Music that sounds amazing when you're tripping - a good subject.

You'd expect anything to sound amazing when you're tripping but in fact I've found it sharpens my sense of taste.

One of my best times this year was tripping on acid in Peckham listening to Craner's second top 100 and ranting about jungle and hardcore to him and luka.
 

craner

Beast of Burden
I was listening to 'A Huge Ever Growing Pulsating Brain That Rules from the Centre of the Ultraworld'

A piece of music I love with a title I hate.
 

WashYourHands

Cat Malogen
There are certain tracks on 85-92 that I find timeless (Ageispolis)
A personal favourite, the ultimate comedown track when there were fish swimming in the air at home, post chemical marathons. Even now, it’s a grounding composition. I try not overplay it due to tune fatigue, but when myself and some mates got home tripping in the summer after a night with the owl gods in the woods, that was the first piece I put on. 10mins later they had a Kenny Ken mix on. Give/take.
 

craner

Beast of Burden
The thing about that Orb track is they title it to fit in with all the outer space shit, but actually it's a beautiful meditation on time and death. You know this because of the ominous, haunting drone that looms underneath Minnie Riperton, locating the reality of loss that hovers around the edges of every syllable of 'Loving You'
 

craner

Beast of Burden
Feel the same about aphex. Branded as headfuck futuristic guy but I mostly go to him for the stunning melodies and the beauty does put me in an appreciative state, for the basic eternal things nature, family, love, the passing of time

I wrote something nice about this.
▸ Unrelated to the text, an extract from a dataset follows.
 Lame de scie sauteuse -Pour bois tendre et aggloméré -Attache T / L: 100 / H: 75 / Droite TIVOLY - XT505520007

I'll find it.
 

craner

Beast of Burden
OK, onto Aphex.

This is one of those ones that shows you what he’s capable of when he’s not just trying to be a twat, which he usually is.
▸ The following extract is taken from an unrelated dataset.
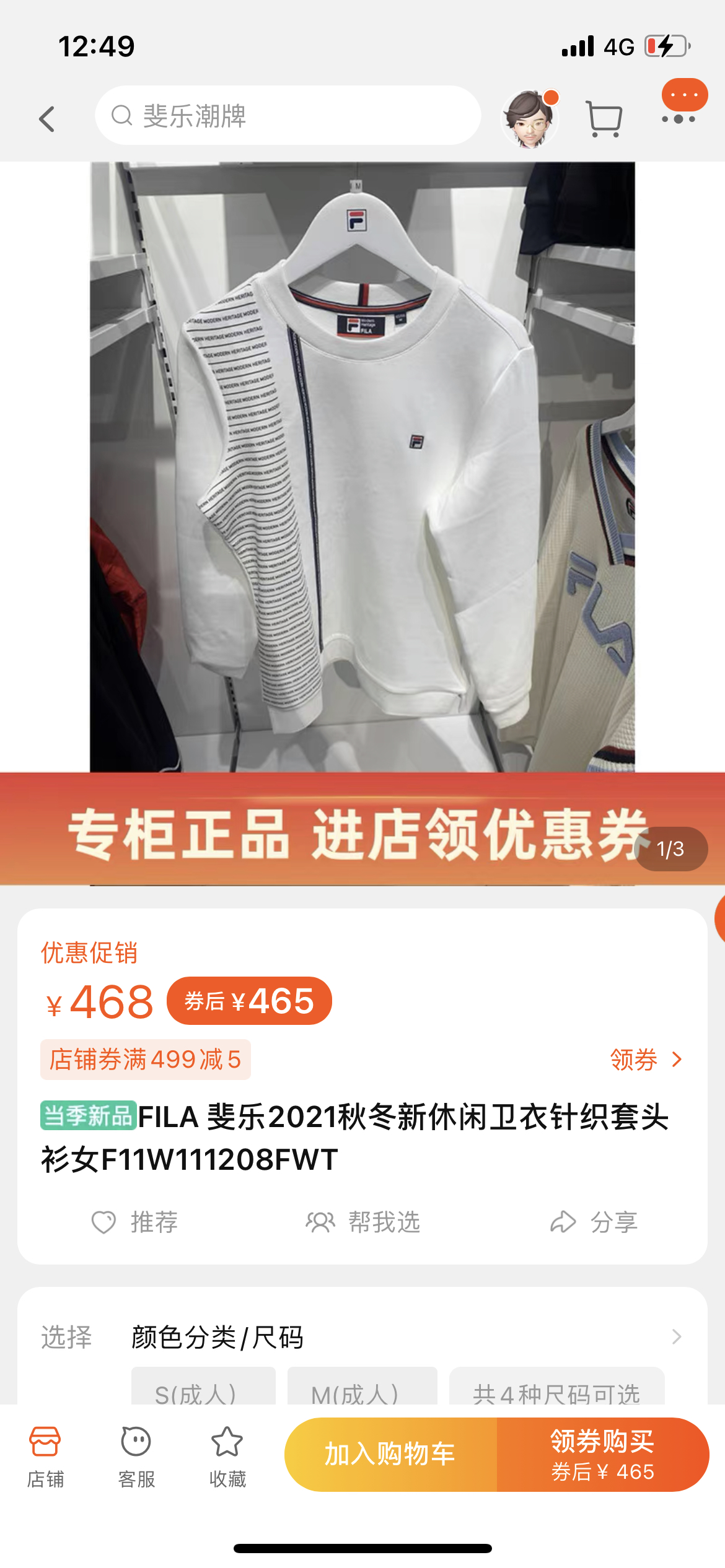 FILA 斐乐2021秋冬新休闲卫衣针织套头衫女F11W111208FWT

This track has been sifting through my nerves and heart valves since 1995. Apart from being a delicious sonic object it is also a beautiful piece of music: something that zeroes in on the soul, articulates shards and shades of feeling you were only otherwise dimly aware of. The tone is hard to define: it is melancholy, triumphant, a love song, an elegy; you can be in a different place at a different time and this piece of music somehow finds a way to reflect or transform the moment. He’s a riddle, because maybe he just has a good ear, but, surely, to make music like this you must have some rarefied poetic sensibility, some depth of feeling and width of vision. Perhaps he’s just English: if he has it there somewhere, it has to be deflected, downgraded, treated like an accident, something meaningless. Don’t show your emotions, lads!